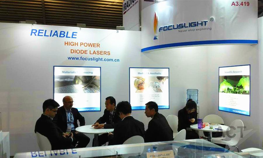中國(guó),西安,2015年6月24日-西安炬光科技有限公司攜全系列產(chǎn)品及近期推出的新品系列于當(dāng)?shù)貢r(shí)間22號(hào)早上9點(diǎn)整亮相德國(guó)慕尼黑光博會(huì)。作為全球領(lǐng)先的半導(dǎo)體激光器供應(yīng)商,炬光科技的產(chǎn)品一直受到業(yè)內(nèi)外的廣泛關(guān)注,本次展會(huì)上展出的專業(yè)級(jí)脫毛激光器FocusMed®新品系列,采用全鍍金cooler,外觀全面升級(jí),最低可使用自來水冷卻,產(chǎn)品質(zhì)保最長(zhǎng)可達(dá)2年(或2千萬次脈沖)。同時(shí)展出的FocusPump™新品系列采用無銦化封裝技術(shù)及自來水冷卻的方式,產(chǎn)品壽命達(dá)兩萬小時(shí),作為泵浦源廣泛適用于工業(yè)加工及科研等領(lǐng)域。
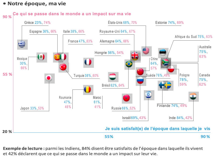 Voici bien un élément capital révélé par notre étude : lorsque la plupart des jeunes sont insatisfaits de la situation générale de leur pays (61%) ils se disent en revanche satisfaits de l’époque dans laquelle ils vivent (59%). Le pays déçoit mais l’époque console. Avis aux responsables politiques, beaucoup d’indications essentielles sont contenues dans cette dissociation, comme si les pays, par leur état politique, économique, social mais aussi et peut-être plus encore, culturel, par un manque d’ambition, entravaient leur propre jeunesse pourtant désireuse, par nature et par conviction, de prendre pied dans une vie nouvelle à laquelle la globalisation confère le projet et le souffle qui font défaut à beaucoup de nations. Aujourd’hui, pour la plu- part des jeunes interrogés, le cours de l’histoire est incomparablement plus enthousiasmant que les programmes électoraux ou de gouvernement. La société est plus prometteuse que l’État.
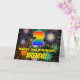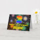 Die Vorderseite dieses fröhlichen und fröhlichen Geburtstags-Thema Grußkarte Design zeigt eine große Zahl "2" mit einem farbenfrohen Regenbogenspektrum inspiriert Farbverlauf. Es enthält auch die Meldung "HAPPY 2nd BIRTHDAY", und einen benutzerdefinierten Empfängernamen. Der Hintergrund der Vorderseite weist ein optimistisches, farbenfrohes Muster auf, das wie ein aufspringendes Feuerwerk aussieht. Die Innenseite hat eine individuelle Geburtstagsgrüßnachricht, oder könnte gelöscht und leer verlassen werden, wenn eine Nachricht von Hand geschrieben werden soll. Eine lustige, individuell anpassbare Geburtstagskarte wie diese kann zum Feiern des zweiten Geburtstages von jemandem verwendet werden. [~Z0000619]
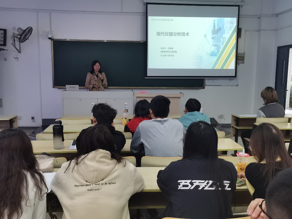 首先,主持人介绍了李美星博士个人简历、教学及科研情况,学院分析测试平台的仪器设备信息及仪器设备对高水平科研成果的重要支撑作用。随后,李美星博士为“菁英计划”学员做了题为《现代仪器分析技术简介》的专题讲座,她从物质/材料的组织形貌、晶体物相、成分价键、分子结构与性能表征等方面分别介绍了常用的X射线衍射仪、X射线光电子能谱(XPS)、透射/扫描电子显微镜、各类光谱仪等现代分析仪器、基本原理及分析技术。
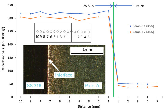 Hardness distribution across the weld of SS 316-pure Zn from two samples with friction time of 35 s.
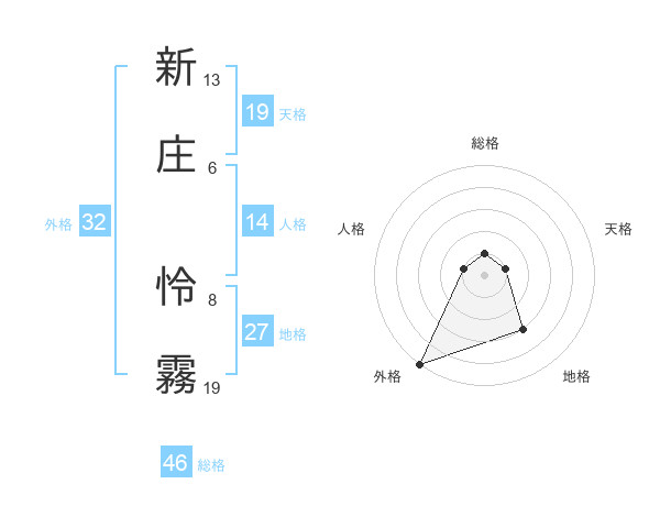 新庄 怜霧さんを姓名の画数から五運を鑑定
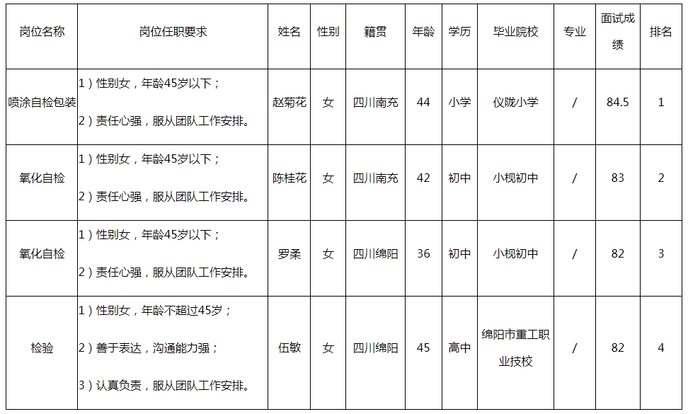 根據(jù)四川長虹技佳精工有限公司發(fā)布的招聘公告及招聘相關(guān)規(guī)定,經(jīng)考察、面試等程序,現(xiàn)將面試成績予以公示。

----------------------------------------

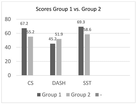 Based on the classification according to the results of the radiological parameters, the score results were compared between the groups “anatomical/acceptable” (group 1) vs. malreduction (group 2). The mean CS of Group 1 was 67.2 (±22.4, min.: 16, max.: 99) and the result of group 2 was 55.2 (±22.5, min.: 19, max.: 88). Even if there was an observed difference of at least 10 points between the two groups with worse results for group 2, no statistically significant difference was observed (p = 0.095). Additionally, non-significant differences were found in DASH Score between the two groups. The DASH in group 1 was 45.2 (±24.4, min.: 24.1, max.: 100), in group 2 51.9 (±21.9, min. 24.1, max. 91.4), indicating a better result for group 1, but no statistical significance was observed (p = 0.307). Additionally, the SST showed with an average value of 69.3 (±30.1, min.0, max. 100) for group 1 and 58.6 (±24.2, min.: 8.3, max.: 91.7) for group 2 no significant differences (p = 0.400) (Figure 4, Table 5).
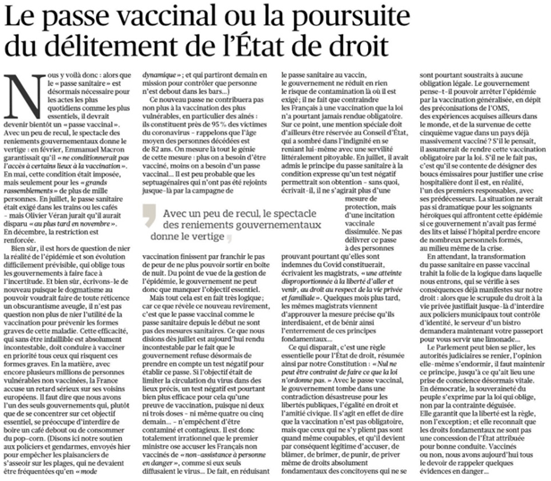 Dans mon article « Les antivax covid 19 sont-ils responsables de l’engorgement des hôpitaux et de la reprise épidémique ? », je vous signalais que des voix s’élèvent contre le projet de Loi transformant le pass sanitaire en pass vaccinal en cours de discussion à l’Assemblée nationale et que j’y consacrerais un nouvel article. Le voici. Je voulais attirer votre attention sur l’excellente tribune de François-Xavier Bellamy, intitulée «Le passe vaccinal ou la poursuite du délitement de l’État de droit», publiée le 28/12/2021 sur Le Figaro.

----------------------------------------

--- Problem description ---
All that should be printed is the run of lines above from the one with "新庄 怜霧さんを姓名の画数から五運を鑑定" through the one with "根據(jù)四川長虹技佳精工", both included, exactly as given, with pictures left out.

--- Answer to this problem ---
 新庄 怜霧さんを姓名の画数から五運を鑑定
 根據(jù)四川長虹技佳精工有限公司發(fā)布的招聘公告及招聘相關(guān)規(guī)定,經(jīng)考察、面試等程序,現(xiàn)將面試成績予以公示。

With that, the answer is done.